1. Wat is het belangrijkste werk dat wij nu kunnen doen? Waarom?

JEHOVA heeft het prediken tot het belangrijkste werk gemaakt dat een ieder van ons in deze wereld zou kunnen verrichten. Hij heeft dit werk bevolen omdat hij er door wordt geëerd en wegens het blijvende voordeel dat het voor de mensheid afwerpt. Dat voordeel sluit in, dat gehoorzame mensen worden verlost van de droevige gevolgen van de val van de eerste mens. Volkomen in overeenstemming hiermede behoort tot de mensen die door Jehova God voor het predikingswerk zijn verwekt, ook de grootste mens die ooit op aarde heeft vertoefd, namelijk Jezus Christus. Indien hij er niet was geweest, zou onze verlossing van alle rampspoeden dezer wereld onmogelijk zijn.

2, 3. Wat trachtte Jezus van zijn volgelingen te maken? Welk bewijs hebben wij hiervoor?

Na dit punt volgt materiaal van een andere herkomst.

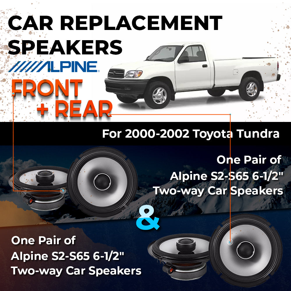 CAR REPLACEMENT SPEAKER PACKAGE FOR 2000-2002 for Toyota Tundra crew cabVEHICLES THIS PACKAGE INCLUDES THE FOLLOWING: Alpine...
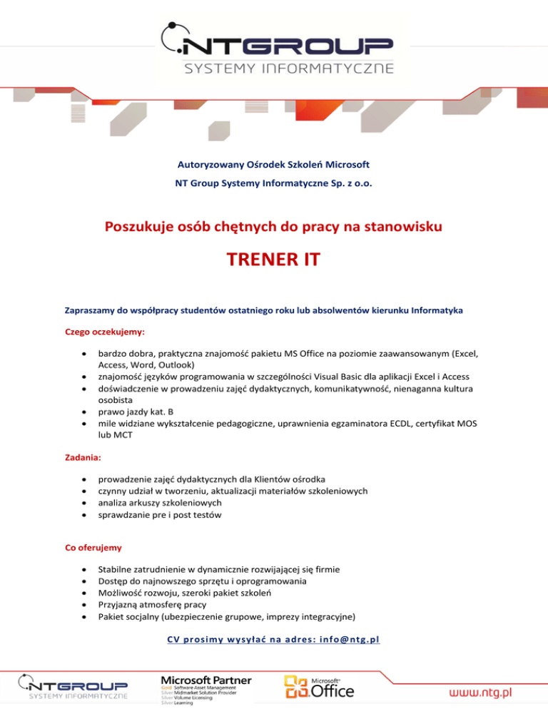 Autoryzowany Ośrodek Szkoleń Microsoft NT Group Systemy Informatyczne Sp. z o.o. Poszukuje osób chętnych do pracy na stanowisku TRENER IT Zapraszamy do współpracy studentów ostatniego roku lub absolwentów kierunku Informatyka Czego oczekujemy:      bardzo dobra, praktyczna znajomość pakietu MS Office na poziomie zaawansowanym (Excel, Access, Word, Outlook) znajomość języków programowania w szczególności Visual Basic dla aplikacji Excel i Access doświadczenie w prowadzeniu zajęć dydaktycznych, komunikatywność, nienaganna kultura osobista prawo jazdy kat. B mile widziane wykształcenie pedagogiczne, uprawnienia egzaminatora ECDL, certyfikat MOS lub MCT Zadania:     prowadzenie zajęć dydaktycznych dla Klientów ośrodka czynny udział w tworzeniu, aktualizacji materiałów szkoleniowych analiza arkuszy szkoleniowych sprawdzanie pre i post testów Co oferujemy      Stabilne zatrudnienie w dynamicznie rozwijającej się firmie Dostęp do najnowszego sprzętu i oprogramowania Możliwość rozwoju, szeroki pakiet szkoleń Przyjazną atmosferę pracy Pakiet socjalny (ubezpieczenie grupowe, imprezy integracyjne) CV pr osimy wysyłać na adres: info@ntg. pl

2 Waarom liet Jezus zijn timmermanswerk op dertigjarige leeftijd in de steek? Om te prediken. Hij trok een vrij grote groep volgelingen tot zich en onderwees hen. Wat trachtte hij uit deze mannen en vrouwen te maken? Grote zakenlieden? Rechtsgeleerden? Doctors in de menselijke philosophie? Politici? Of mensen die door deze wereld practisch zouden worden genoemd en voor wie deze wereld zou openstaan? In het geheel niet! Hij onderwees hen en leidde hen op tot predikers, gelijk hij zelf was. Wij lezen: „En Zijn twaalf discipelen samengeroepen hebbende, gaf Hij hun kracht en macht over al de duivelen, en om ziekten te genezen. En Hij zond hen heen, om te prediken het Koninkrijk Gods, en de kranken gezond te maken. En zij, uitgaande, doorgingen al de vlekken, verkondigende het Evangelie, en genezende de zieken overal” (Luk. 9:1, 2, 6). Zij die niet tot de kring van zijn twaalf apostelen behoorden, zond hij voor hetzelfde werk uit. „En Hij zeide tot een anderen: Volg Mij. Doch hij zeide: Here, laat mij toe, dat ik heenga, en eerst mijn vader begrave. Maar Jezus zeide tot hem: Laat de doden hun doden begraven; doch gij, ga heen en verkondig het Koninkrijk Gods.” — Luk. 9:59, 60.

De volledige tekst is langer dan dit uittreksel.